Multifunctional Virobot malware is not only ransomware

Virobot manages to surprise PC security experts with its numerous functions

Virobot is a multifunctional virus which can act as ransomware, a keylogger, and botnet.

Recently, security researchers discovered new ransomware-type malware called Virobot. Also known as Virobotnet, this dangerous computer virus has one surprising feature helping it to stand out from its “colleagues” and this feature is multitasking. It seems that the cyber threat can perform its hazardous activities not only as a ransomware-type virus, e.g., encrypt victims' data and make them pay the desired ransom. According to reports, malware can also work as a botnet and even a keylogger.

For the first time, the virus was spotted on the 17th of September this year. Virobot virus still seems to be under the development, but it already has features helping it to connect the infected computer system to a spam-related botnet and steal victims' keystrokes.

Main facts related to Virobot's operation as a ransomware

Taking about Virobot's functionality as ransomware, some of its components seem to be unique. This opinion was made and claimed by a security company called Trend Micro^[1]. However, the operating principle of this ransomware does not seem to have any difference from other similar threats as it uses the same techniques to perform its hazardous activity.

Once on the infected system, Virobot virus generates a unique encryption key which is kept on a remote server. The encryption code is related to the RSA cipher^[2] and can lock documents such as DOC, DOCX, TXT, PPT, PPTX, JPG, PNG, ODT, XLS, XLSX, and others. After this activity, the ransomware-type virus displays a particular ransom note which is written in the French language.
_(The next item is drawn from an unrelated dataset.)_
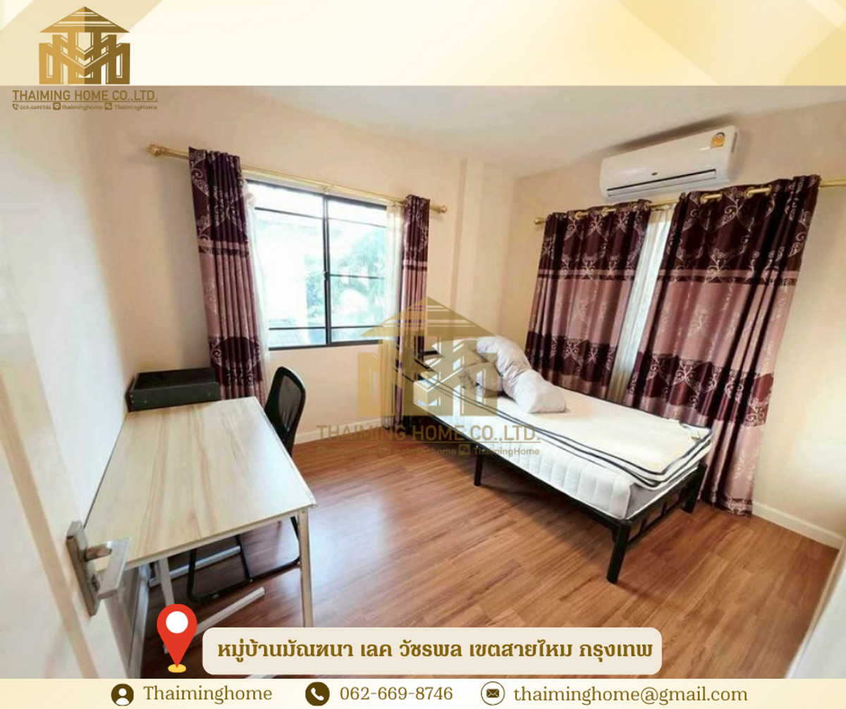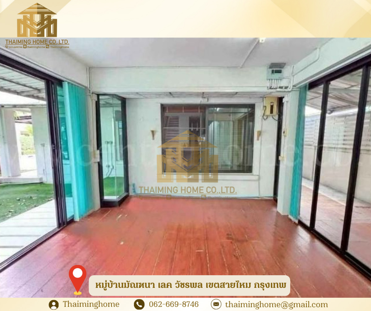 House for Rent/Sale, Mandana Lake Watcharapol Village, Sai Mai District, Bangkok (Property Code TH4-390126) Details: - 300 sq.m. usable area - Pets allowed - 6 bedrooms, 3 bathrooms - 1 fitness room - 1 prefabricated house - 2 kitchens - Parking for 2 cars in front of the house - 7 air conditioners - 3 water heaters - 1 TV - 1 sofa set - Remote controlled gate - Burglar alarm system Amenities - Large swimming pool with jacuzzi area - Sauna - Steam room - Kid's club - Fitness center - 2 playground areas - Basketball court - Exercise area - 1 km around the lake Nearby Places - Expressway - Don Mueang Airport - Sai Mai Avenue - Foodland - Avenue 56 - Sarasas Witaed Sai Mai School - Big C Sukhaphiban 5 - Big C Sai Mai Terms of Sale/Rent - Sale price: 9.9 million baht - Minimum contract: 1 year - Security deposit: 2 months - Advance payment: 1 month - Rent: 65,000 baht per month -------------------------------------- บริษัท ไทยหมิง โฮม จำกัด Thaiming Home Co.,Ltd. 泰明房园 房产公司 ----------------------- Contact ติดต่อ : Contact number Contact : Contact number คุณหมิง(中文) Line ID: thaiminghome Line ID: @thaiminghome https://lin.ee/PkkHwYv Wechat : ThaimingHome E-mail : Contact email -----------------------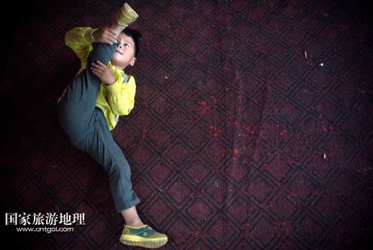 剛來到這里的孩子都要從最基本的壓腿、翻跟頭等基礎(chǔ)訓(xùn)練學(xué)起,練好基本功后大部分孩子會離開學(xué)校,過幾年長大一些再回來學(xué)些雜技表演動作,學(xué)得好就可以上臺參與表演。

This type of message is used to announce about the secret encryption of specific victim's files and demand a particular ransom (usually Bitcoin is urged as the type of currency, but this time the virus is requesting EUR) in exchange for the decryption tool. However, malware experts find the language of the ransom message very interesting choice as the main target of this dangerous virus are US users^[3].

Virobot's French connection seems to hail from PyLocky

Experts have also found some similarities between Virobot and PyLocky ransomware^[4] which also involved a French connection and was discovered in the past month. This dangerous PyLocky virus was created as an imitation of Locky ransomware which was spreading its activity very widely and targeting people living in France. However, Virobot and PyLocky are not related to each other as experts have discovered lately.

The botnet function is strongly developed

Taking about other Virobot's functions, as we have already warned you, it can work as a keylogger and botnet. The keylogger function, according to Trend Micro, was found rather simplistic. However, the botnet function seemed to be way more effective than the keylogger one.

This module allows Virobot to download some dangerous malware from the ransomware's C&C server^[5] and secretly launch it on the infected computer system. Moreover, this function can work as a spam module also. According to malware researchers from Trend Micro, Virobot spreads malicious copies of itself through its C&C server:

The botnet capability is evidenced by its use of an infected machine’s Microsoft Outlook to send spam emails to the user’s contact list. Viro botnet will send a copy of itself or a malicious file downloaded from its C&C server.

Some good news is that the Virobot's server was taken down and the ransomware function of this dangerous cyber threat is useless as it is no longer possible to successfully encrypt files on the infected computer. If Virobot malware infects new victims' computers, it will no longer be able to make attempts against the documents that are stored on the affected PCs.

However, Virobot is not the only one which uses multitasking. There are other similar cyber threats that also include more than one module in its operating principle, for example, LokiBot or XBash. IT experts are making guesses that such “all included” viruses are going to rise again in the nearest future.